Here is a good example of what I’m talking about - a cracking Exmoor pony from Molland Moor. His father is the adjacent pedigree licensed Exmoor stallion, Knightoncombe Royal (waiting for DNA verification). His dam is from a long line of Exmoor mares messed about through not establishing definitive, correct DNA profiles of this herd when the system was brought in. They are the ‘fall out’ of human incompetence. It is not their fault. It doesn’t make them ‘not Exmoor ponies’. While this pony, as a male, is unlikely to breed, the mares of this quality should not lose the opportunity to pass on their quality, attributes, desired characteristics, and learned and genetic behaviours, for the good of the Exmoor breed.


It’s an interesting fact that years back, Exmoor pedigree passports were happily handed out for ponies with ‘no name’ splattered across their lineage and where no DNA testing was carried out, where multi-stallions and colts ran in multi-herds and boundaries were breached. And various guesswork occurred as to who was sired by who, etc.

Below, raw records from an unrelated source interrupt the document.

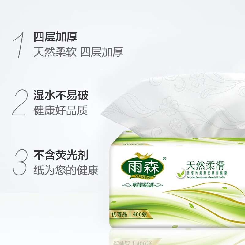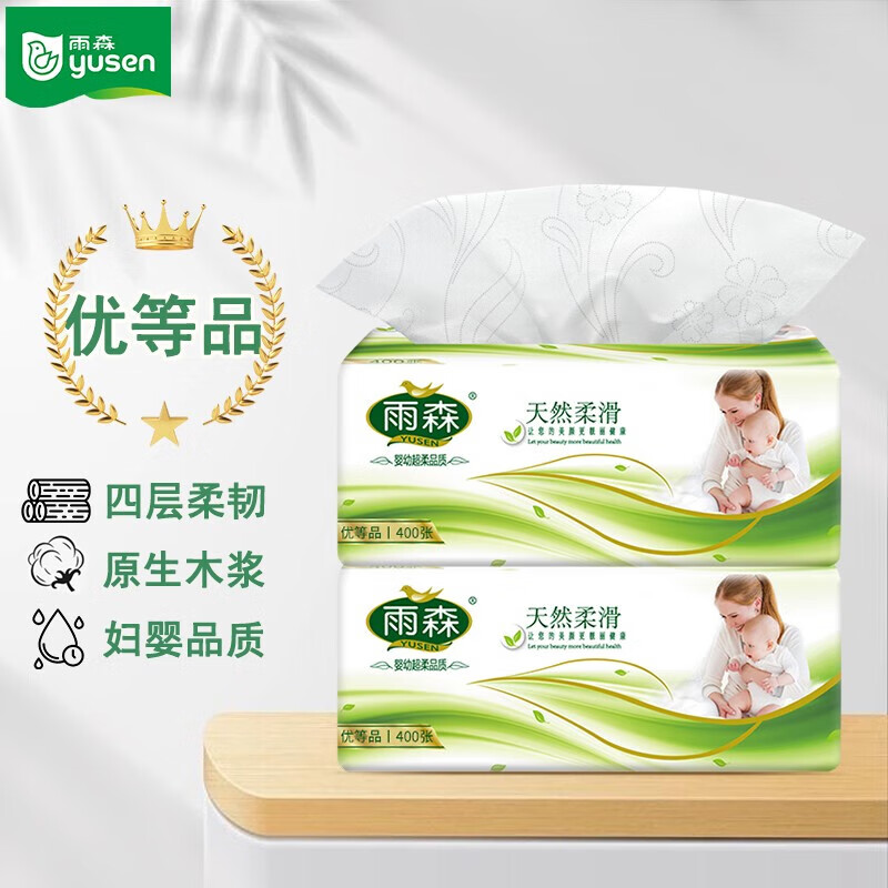 雨森(YUSEN)妇婴抽纸400张宝宝可用100抽大包福利装生活用纸厕纸卫生纸 4层 400张*2包
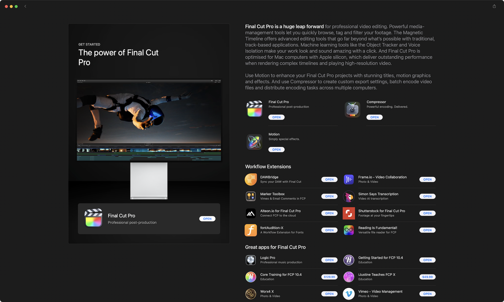 For developers, FCPXML remains on v1.13, FxPlug remains on v4.3.3, Workflow Extensions remains on v1.0.3.
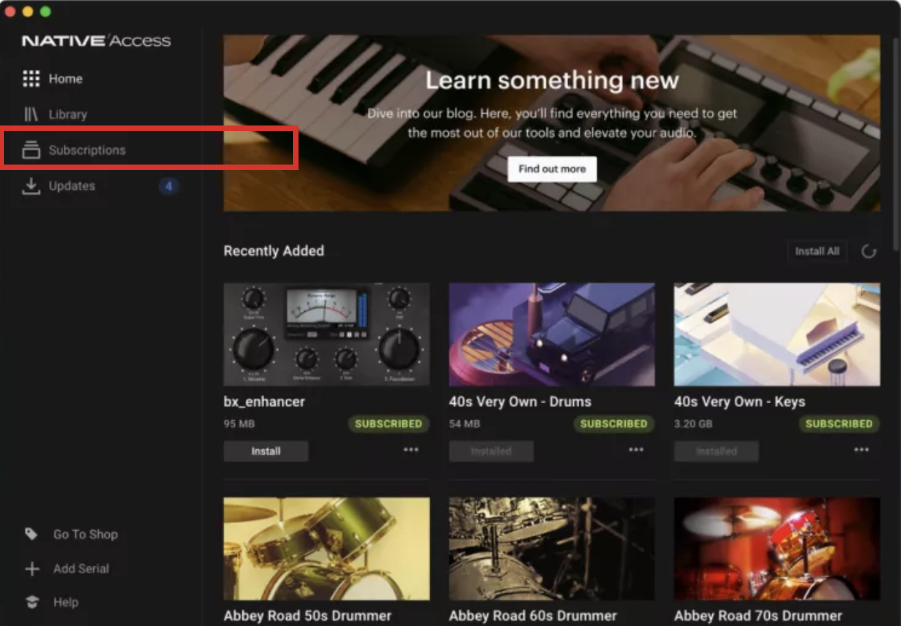 I've paid for a Music Suite Pro Subscription but the subscription tab does not appear in Native Access. (Native Access 3.20.1)
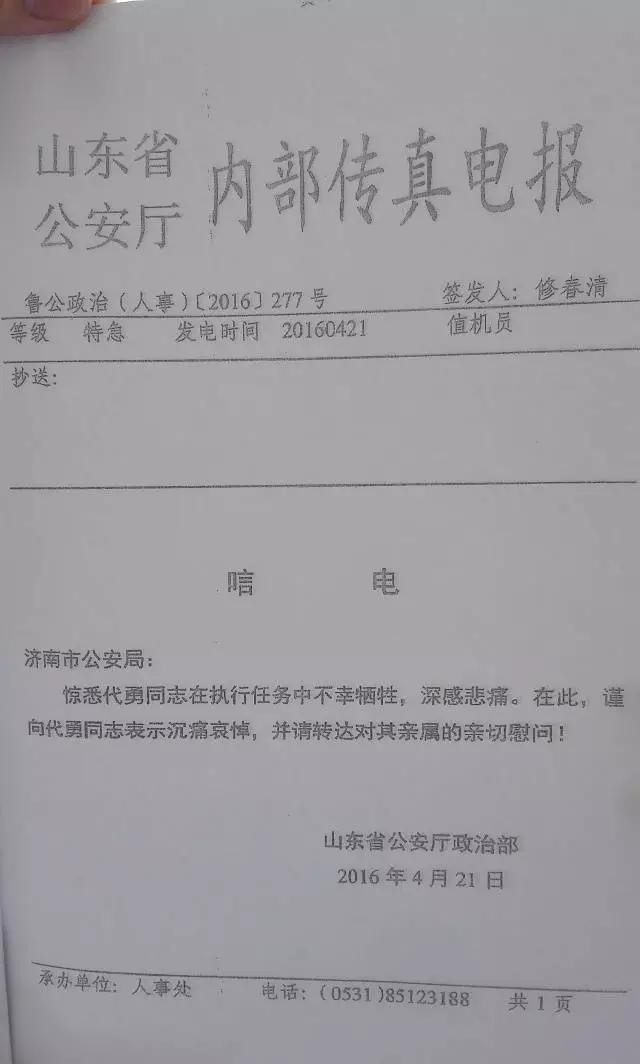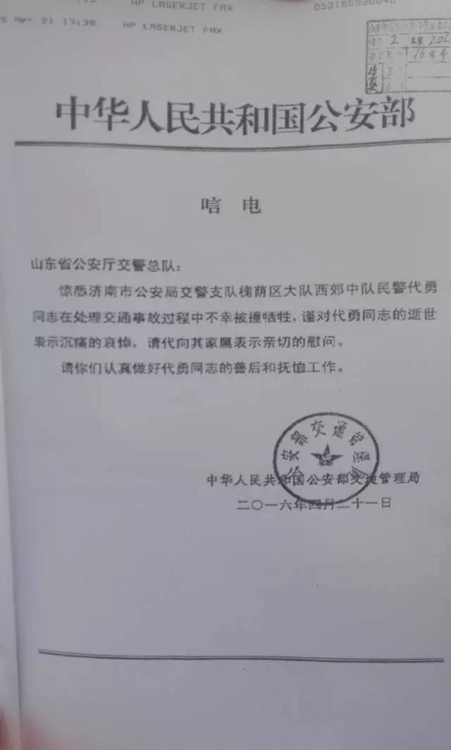 (公安部交管局,省公安厅政治部分别发来唁电)

You can’t suddenly bring in an incomplete, error-ridden DNA verification system and start excluding perfectly good Exmoor ponies from being registered as ‘Exmoor ponies’.
But they did.


It is not reasonable to run a ‘Closed’ Stud Book with this level of human error and incomplete data - and with this obvious pool of good Exmoor stock outside of pedigree registration.
But they do.


Can someone please show this to the two ‘ladies’ who expressed the view at this year’s EPS AGM that Holtball Herd 11 (comprising supreme champion pedigree breeding stock) should not be allowed to advertise in the EPS Year Book (I paid about £100 for this advert) - their spurious reason being that I ‘promote non-pedigree Exmoor ponies’.
Perhaps someone can try to help them absorb and understand what I’m saying here?

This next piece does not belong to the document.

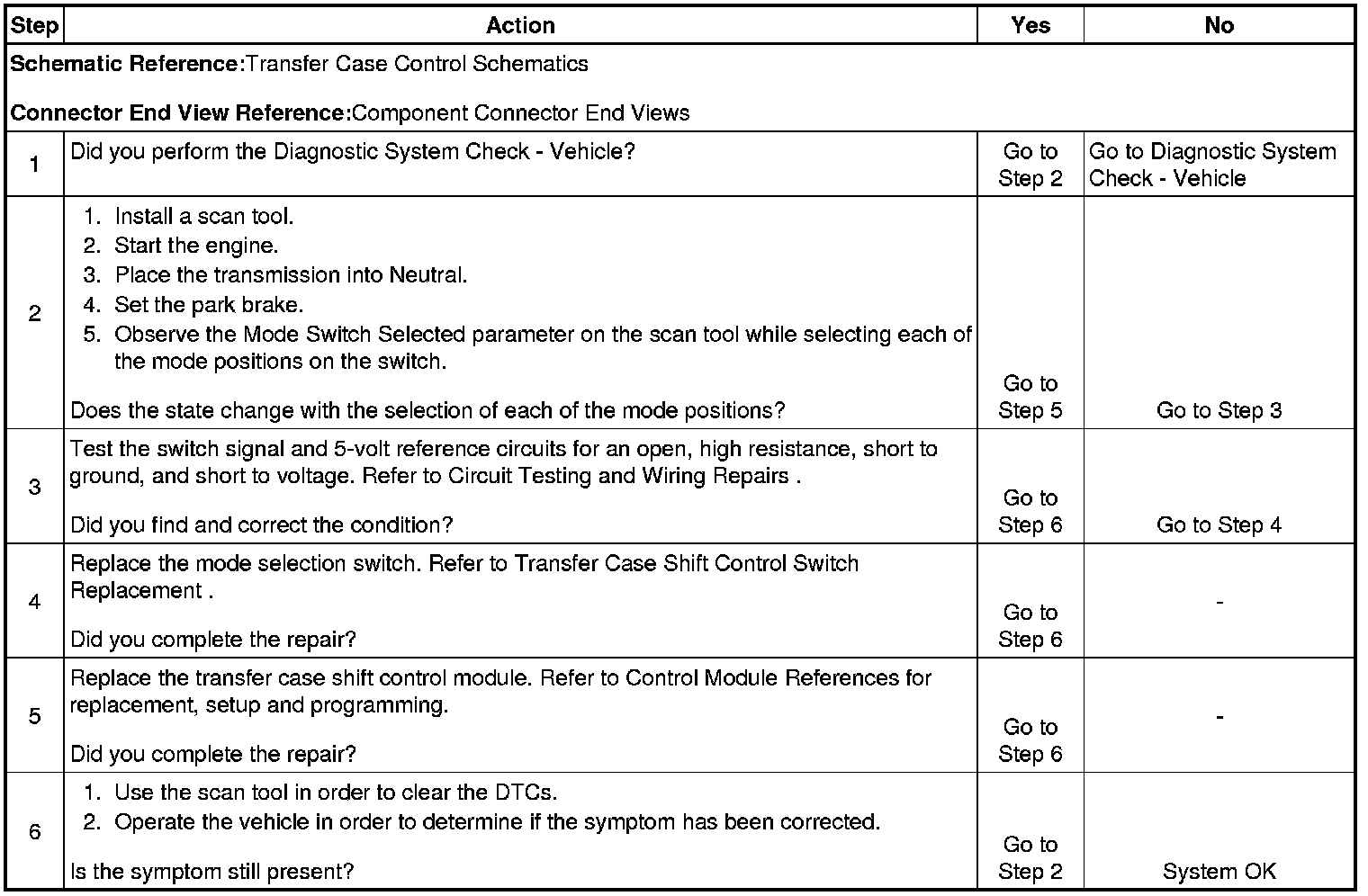 The transfer case shift control module constantly monitors this signal voltage to determine the condition of the mode switch circuit.

I’m talking about recognising and embracing Good Purebred Exmoor Ponies that are obstructed from the Closed Stud Book, often due to human error, rather than due to the fact they are not ‘Exmoor ponies’. I…am…not…talking…about…cross…breds.

(I couldn’t answer the shouts of these two ‘ladies’ at the EPS AGM, because they are part of the cabal that used corrupt processes to terminate the memberships of myself and my Exmoor moorland farmer husband from the breed society in 2014).


A recent email of mine to the EPS, saying that I didn’t object to these ‘ladies’ expressing their opinions, but I do object to being obstructed from a right to reply, was met with a speedy email from the EPS Chairman, telling me the trustees had ‘voted’ (equally speedily and through what procedure I cannot fathom) that they will not let us rejoin the breed society, or discuss...anything.

Is it the role of a breed society trustee to refuse to discuss anything with concerned  Exmoor pony breeders and block them from their own breed society? I think not.


Unlike these breed society representatives, I am perfectly willing and able to politely discuss all of this with them, at any time - for the good of the breed and to look for satisfactory solutions. What are they so afraid of?


We can do better for Exmoor ponies than this current situation. And we will.